But one would be highly naive to believe that the two don’t relate to each other in some way.
It is tricky though and the science behind our phone addiction is not straight forward.
We will dig into the research on the research on phone and social media addiction and try to shed some light into the ongoing debate: How bad are our phones really?
I won’t be able to offer you a final answer to that question. Not even scientists can. But we will try and there will be some conclusion. A conclusion which will hopefully help to raise awareness for the consequences of persuasive technology.
I want to encourage you to think about your phone usage. How long do you need to use it? How often do you have to pick it up? Maybe we will be able to derive at our own personal conclusions – not needing one from science. If you feel terrible and less energetic after scrolling through Instagram, then don’t use it anymore. Conduct your own study. Go without social media for a week. Find out how it is.
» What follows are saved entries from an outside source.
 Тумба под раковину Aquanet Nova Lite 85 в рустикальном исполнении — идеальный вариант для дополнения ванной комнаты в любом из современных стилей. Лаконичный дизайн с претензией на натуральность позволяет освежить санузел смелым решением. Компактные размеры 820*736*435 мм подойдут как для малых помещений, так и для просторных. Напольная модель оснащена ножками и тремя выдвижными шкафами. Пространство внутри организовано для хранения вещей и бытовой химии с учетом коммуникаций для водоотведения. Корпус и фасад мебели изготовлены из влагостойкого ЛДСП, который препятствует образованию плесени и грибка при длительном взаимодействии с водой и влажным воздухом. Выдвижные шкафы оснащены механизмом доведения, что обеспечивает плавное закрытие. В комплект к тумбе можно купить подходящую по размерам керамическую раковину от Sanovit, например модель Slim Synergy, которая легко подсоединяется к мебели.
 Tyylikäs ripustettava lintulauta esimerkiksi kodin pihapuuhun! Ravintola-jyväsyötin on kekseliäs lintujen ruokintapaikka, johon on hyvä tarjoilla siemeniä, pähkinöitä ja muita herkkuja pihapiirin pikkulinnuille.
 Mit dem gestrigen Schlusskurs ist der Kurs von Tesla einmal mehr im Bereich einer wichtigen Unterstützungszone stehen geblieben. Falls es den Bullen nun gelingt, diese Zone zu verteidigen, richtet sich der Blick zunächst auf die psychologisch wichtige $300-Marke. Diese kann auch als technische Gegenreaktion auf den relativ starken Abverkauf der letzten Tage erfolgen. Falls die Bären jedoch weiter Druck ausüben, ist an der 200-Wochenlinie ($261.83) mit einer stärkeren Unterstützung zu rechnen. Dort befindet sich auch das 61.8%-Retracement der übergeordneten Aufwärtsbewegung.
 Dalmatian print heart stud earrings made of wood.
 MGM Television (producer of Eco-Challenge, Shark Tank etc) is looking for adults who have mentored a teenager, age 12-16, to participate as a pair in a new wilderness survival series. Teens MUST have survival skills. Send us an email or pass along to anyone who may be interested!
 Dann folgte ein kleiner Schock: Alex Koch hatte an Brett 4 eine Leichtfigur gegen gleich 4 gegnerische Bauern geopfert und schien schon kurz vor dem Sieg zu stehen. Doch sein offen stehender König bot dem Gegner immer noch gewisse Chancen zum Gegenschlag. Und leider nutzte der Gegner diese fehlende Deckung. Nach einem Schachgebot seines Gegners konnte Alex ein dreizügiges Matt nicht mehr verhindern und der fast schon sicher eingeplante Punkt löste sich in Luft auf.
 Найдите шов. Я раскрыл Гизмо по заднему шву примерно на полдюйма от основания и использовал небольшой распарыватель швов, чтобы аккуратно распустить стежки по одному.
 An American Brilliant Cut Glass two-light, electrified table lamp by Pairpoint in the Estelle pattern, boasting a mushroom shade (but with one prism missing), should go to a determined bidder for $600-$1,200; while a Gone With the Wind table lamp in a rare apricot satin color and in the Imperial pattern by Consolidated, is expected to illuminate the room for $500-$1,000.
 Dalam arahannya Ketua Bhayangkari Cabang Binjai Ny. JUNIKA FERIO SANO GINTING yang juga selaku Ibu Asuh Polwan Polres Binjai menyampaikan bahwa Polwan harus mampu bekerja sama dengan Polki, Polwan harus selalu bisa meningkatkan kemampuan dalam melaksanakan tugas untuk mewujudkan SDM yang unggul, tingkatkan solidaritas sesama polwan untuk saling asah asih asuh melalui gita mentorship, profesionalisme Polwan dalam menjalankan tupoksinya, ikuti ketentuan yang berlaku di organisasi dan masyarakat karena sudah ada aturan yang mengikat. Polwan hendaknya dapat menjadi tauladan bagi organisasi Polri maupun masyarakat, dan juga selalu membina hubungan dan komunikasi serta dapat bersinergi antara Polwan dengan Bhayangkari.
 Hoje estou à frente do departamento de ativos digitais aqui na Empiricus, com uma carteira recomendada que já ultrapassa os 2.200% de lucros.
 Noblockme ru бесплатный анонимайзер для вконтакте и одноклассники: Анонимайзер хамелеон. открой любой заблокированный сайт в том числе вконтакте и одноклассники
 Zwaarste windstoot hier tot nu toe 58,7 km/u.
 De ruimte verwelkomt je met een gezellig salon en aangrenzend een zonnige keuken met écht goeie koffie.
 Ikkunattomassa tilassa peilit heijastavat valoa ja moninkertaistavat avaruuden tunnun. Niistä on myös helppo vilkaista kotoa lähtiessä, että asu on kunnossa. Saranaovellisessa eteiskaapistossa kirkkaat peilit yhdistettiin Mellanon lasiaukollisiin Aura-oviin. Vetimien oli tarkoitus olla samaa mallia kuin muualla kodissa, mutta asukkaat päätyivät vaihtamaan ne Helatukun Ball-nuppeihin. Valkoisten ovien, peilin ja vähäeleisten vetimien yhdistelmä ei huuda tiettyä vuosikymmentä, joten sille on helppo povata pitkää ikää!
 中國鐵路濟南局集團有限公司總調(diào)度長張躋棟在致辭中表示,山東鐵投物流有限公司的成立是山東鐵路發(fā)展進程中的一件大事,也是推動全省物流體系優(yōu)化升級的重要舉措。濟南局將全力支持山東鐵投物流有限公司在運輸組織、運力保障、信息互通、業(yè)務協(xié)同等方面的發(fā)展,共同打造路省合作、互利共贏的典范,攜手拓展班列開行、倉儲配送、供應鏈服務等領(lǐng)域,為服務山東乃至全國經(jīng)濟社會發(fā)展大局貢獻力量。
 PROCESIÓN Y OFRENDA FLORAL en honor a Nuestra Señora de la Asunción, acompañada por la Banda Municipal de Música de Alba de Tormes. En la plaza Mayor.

Chapter 1 aims to encourage us to rethink our relationship to our digital devices. We don’t answer all the above raised questions at once – we will go one by one. Digging deep and seeing where we get. It’ll be interesting and unfortunately – I believe – frightening as well.
A First Conclusion
Technology is not about you on your phone anymore. It is about the deep insights of human psychology. Our minds are getting dunked on by all kinds of apps on our phones. We are getting outplayed and don’t even notice. It is a game, and we are losing. The cost of losing is our time, attention, health and even life. No wonder, that Bill Gates and Steve Jobs didn’t let their kids spend 3 hours and 15 minutes on the devices they designed themselves. So why the hell do we?
Further Reading Material
There is an incredible depth of scientific studies, articles, podcasts, and blogs about the science behind our screen addiction and how technology is made persuasive. Many will be refereed to throughout the posts in Chapter 1 of The Reading Dilemma, but I want to highlight three that I find particularly interesting:
- “Have Smartphones destroyed a generation” by Jean M. Twenge for The Atlantic
- “The Binge Breaker” by Bianca Bosker for The Atlantic
- “The scientists who make apps addictive” by Ian Leslie for The Economist
What Are Your Thoughts?
Let us know and leave a comment. I am also happy to get in touch with you directly.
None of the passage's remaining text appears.